# Painting a room?



## trouble93 (Nov 8, 2008)

I need to paint a room only problem is my reef tank is in the room. Any one ever done this.


----------



## petlover516 (Nov 12, 2008)

don't paint the room*r2
well u could...move the entire tank and ALL components out of the room with the living things in a several buckets. u must keep the tank(and all components) out of that room until the paint is dry. so pretty much it can be quite difficult to paint a room with a reef tank in it.


----------



## jrodriguez (Jul 20, 2009)

Ooh...that sucks i wouldnt paint it


----------



## little dutch (Sep 22, 2009)

Kinda, yeah. I waited until we hit a hot dry day, used fans for ventilation, and covered the tank with a tarp while painting. No problems. 

Well, when I broke down the tank later there was a tank sized spot that didn't get painted...


----------



## trouble93 (Nov 8, 2008)

This is going to make my wife real happy!!! Getting to the walls would be no problem the tank is just about in the middle of the floor. My lights hang from the cealing so I could take them down and cover the whole tank and be able to get to all the walls and leave it covered until it dries. Is this feasible?


----------



## little dutch (Sep 22, 2009)

Sounds like it to me. I was running an aggressive tank at the time, but we had no trouble.

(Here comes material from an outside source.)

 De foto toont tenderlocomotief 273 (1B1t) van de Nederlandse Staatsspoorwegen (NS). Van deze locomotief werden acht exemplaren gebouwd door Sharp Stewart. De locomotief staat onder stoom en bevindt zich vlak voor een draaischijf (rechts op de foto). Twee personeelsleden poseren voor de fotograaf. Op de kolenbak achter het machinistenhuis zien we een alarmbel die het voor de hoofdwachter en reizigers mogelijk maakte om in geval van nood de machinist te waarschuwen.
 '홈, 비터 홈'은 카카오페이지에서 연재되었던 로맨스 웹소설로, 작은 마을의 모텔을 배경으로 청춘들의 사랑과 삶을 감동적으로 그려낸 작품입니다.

Disclaimer: I may have gotten lucky, I am no expert.  good luck


----------



## dave in Iliamna (Aug 15, 2009)

Sounds like it should be easy to keep the paint out of the tank. You might need to use some ventilation to keep the fumes down. If push realy came to shove then I would think you could vent the outside air under your covering. (You might want to add heat if your weather is cold)


----------



## trouble93 (Nov 8, 2008)

dave in Iliamna said:


> Sounds like it should be easy to keep the paint out of the tank. You might need to use some ventilation to keep the fumes down. If push realy came to shove then I would think you could vent the outside air under your covering. (You might want to add heat if your weather is cold)


 This is what I'm thinking make like a bubble around the tank and a fan as a vent and pull air from outside to the tank area.


----------



## jrodriguez (Jul 20, 2009)

open windows and put fans to circulate...

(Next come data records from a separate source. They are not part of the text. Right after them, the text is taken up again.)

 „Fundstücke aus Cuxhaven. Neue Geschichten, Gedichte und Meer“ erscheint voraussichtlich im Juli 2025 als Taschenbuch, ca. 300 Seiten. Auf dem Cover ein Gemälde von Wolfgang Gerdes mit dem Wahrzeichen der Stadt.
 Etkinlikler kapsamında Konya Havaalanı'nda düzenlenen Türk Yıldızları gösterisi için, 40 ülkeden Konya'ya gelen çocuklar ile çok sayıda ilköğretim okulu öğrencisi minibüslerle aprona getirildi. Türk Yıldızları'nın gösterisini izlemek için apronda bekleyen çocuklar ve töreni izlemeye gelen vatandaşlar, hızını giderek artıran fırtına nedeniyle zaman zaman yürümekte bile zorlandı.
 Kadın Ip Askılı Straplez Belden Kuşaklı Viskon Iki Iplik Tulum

report back wtih the results if you can plz

i like to know that kind of stuff


----------



## trouble93 (Nov 8, 2008)

jrodriguez said:


> open windows and put fans to circulate...
> 
> report back wtih the results if you can plz
> 
> i like to know that kind of stuff


I will do that.


----------



## BigandUgly (Sep 24, 2009)

Just in case, I'd do a water change and run some carbon after you're done painting. May not be needed, but couldn't hurt.


----------



## Nicole85 (Aug 17, 2009)

Funny, a friend of mine painted the room and never painted behind the tank HAHA, then when he ended up moving the tank, then he did.


----------



## trouble93 (Nov 8, 2008)

Nicole85 said:


> Funny, a friend of mine painted the room and never painted behind the tank HAHA, then when he ended up moving the tank, then he did.

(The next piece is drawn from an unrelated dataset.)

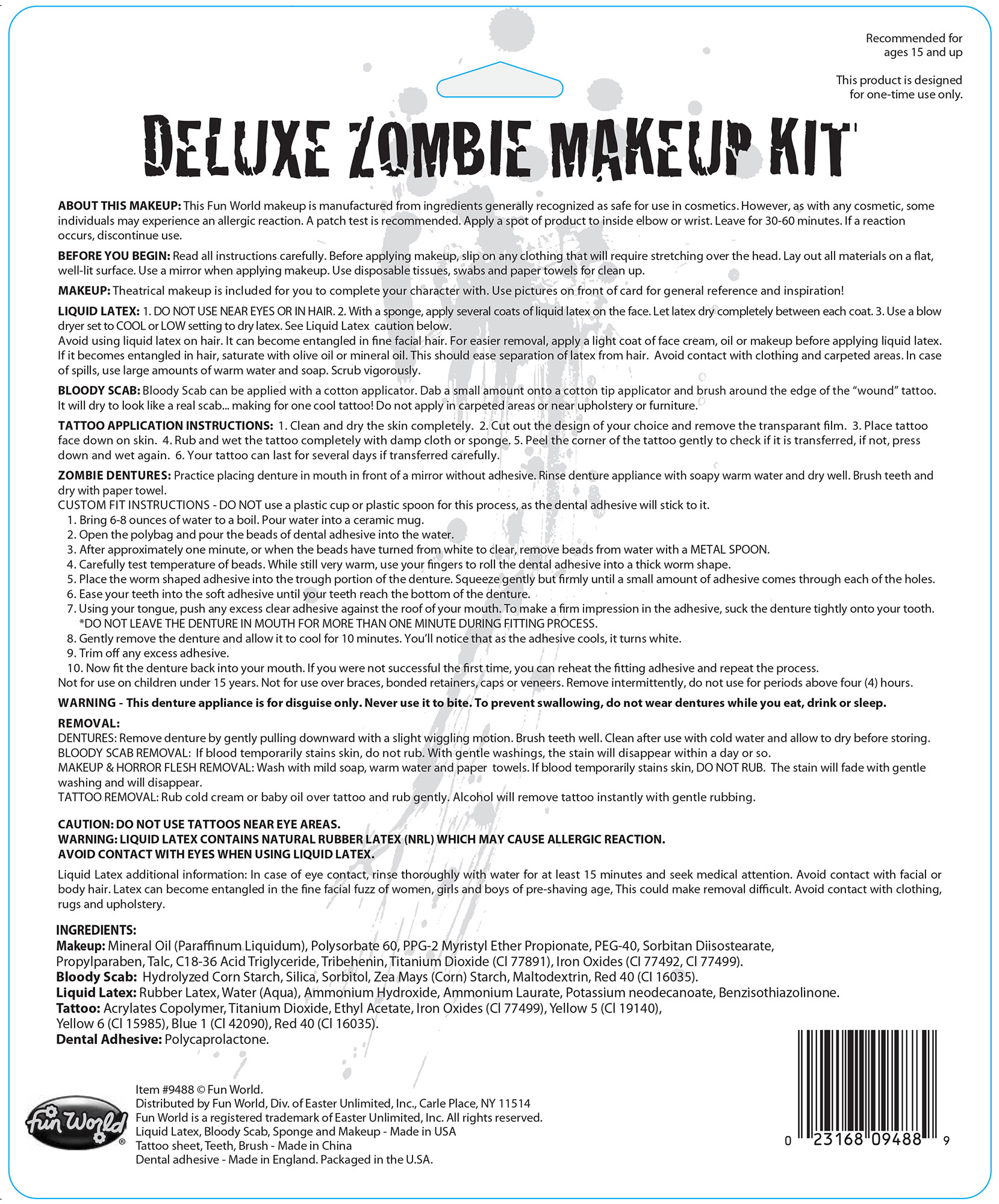The Zombie Makeup Kit is literally everything you need to create an authentic zombie appearance to go along with your zombified costume creation!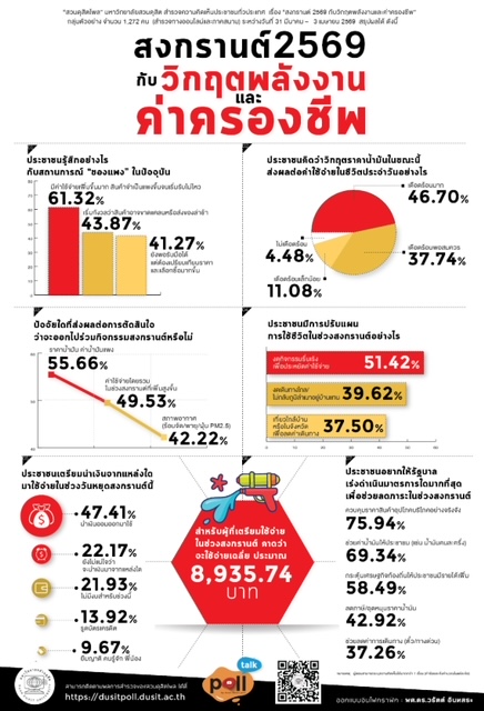 "สวนดุสิตโพล" มหาวิทยาลัยสวนดุสิต สำรวจความคิดเห็นประชาชนทั่วประเทศ เรื่อง"สงกรานต์ 2569 กับวิกฤตพลังงานและค่าครองชีพ" กลุ่มตัวอย่าง จำนวน 1,272 คน (สำรวจทางออนไลน์และภาคสนาม) ระหว่างวันที่ 31 มีนาคม - 3 เมษายน 2569 สรุปผลได้ ดังนี้

 This is why this tank is just about in the middle of the floor. I always wanted to be able to get behind the tank if need and it has paid off so far.


----------



## trouble93 (Nov 8, 2008)

BigandUgly said:


> Just in case, I'd do a water change and run some carbon after you're done painting. May not be needed, but couldn't hurt.


This is a good idea. Thanks


----------



## stangbabe1993 (Nov 7, 2008)

you could get the low voc paint from lowes no fumes or smell


----------